#### [COLLECTED MATERIAL]
= Beginning of Section =

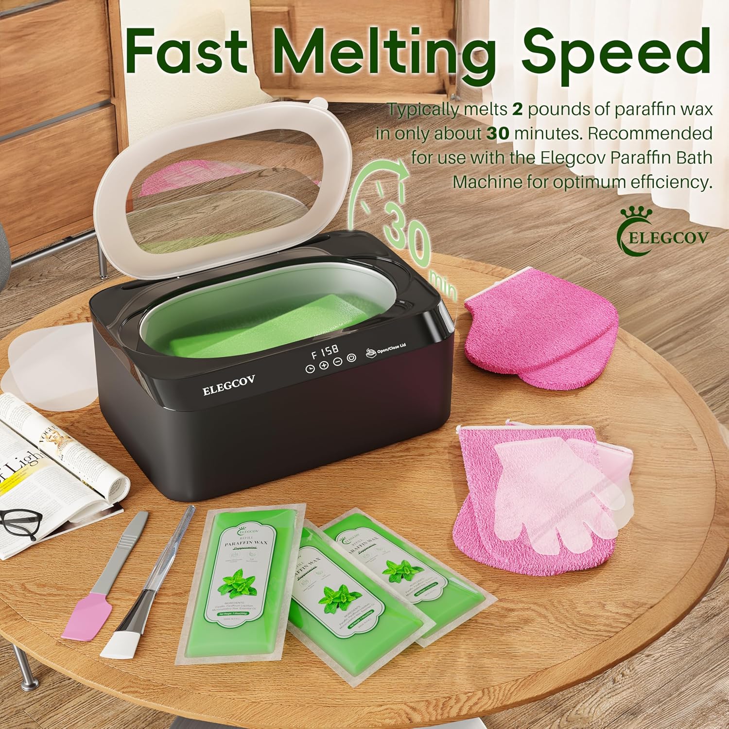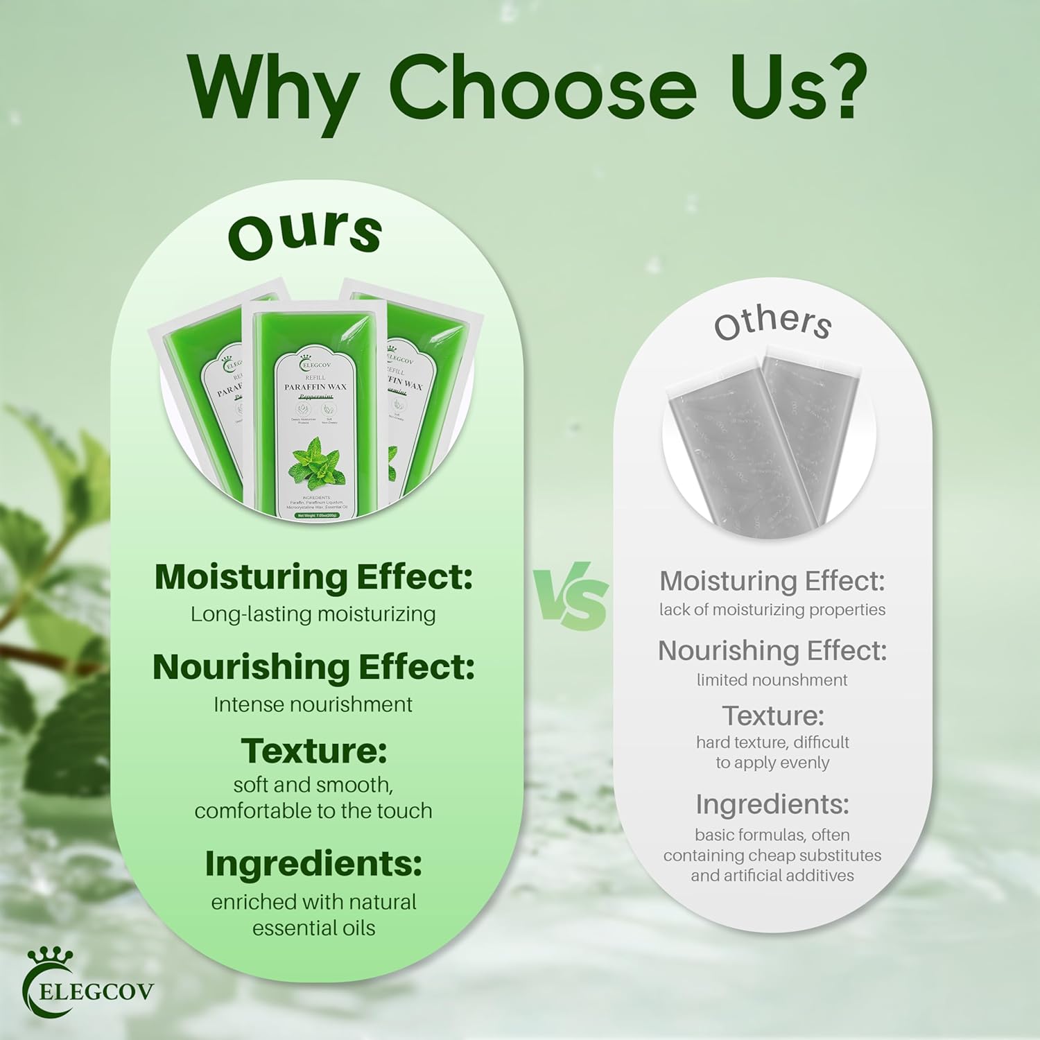 - Easy to Use with Any Paraffin Bath: These peppermint paraffin wax refills are seamlessly compatible with most paraffin wax baths, especially when paired with the use of our Elegcov's paraffin wax machine, which melts evenly and quickly, ensuring a spa-like experience at home
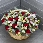 Эустома с розами в корзине
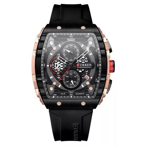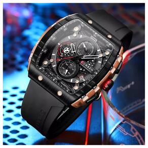 Relógio masculino com design esportivo e estrutura resistente. Modelo analógico com movimento de quartzo e cronógrafo funcional. Possui exibição de data automática, ponteiros luminosos e mostrador amplo. Construído com caixa em liga metálica e pulseira de silicone, proporciona conforto e durabilidade no uso diário. Resistente à água até 3 ATM, adequado para respingos e chuva leve.

= End of Section =

#### [TASK PROMPT]
Repeat the lines exactly as they stand, from the opening line of the data through the line with "Эустома с розами в корзине". Pictures stay out of the copy.

#### [SOLUTION TO THIS EXERCISE]
 - Easy to Use with Any Paraffin Bath: These peppermint paraffin wax refills are seamlessly compatible with most paraffin wax baths, especially when paired with the use of our Elegcov's paraffin wax machine, which melts evenly and quickly, ensuring a spa-like experience at home
 Эустома с розами в корзине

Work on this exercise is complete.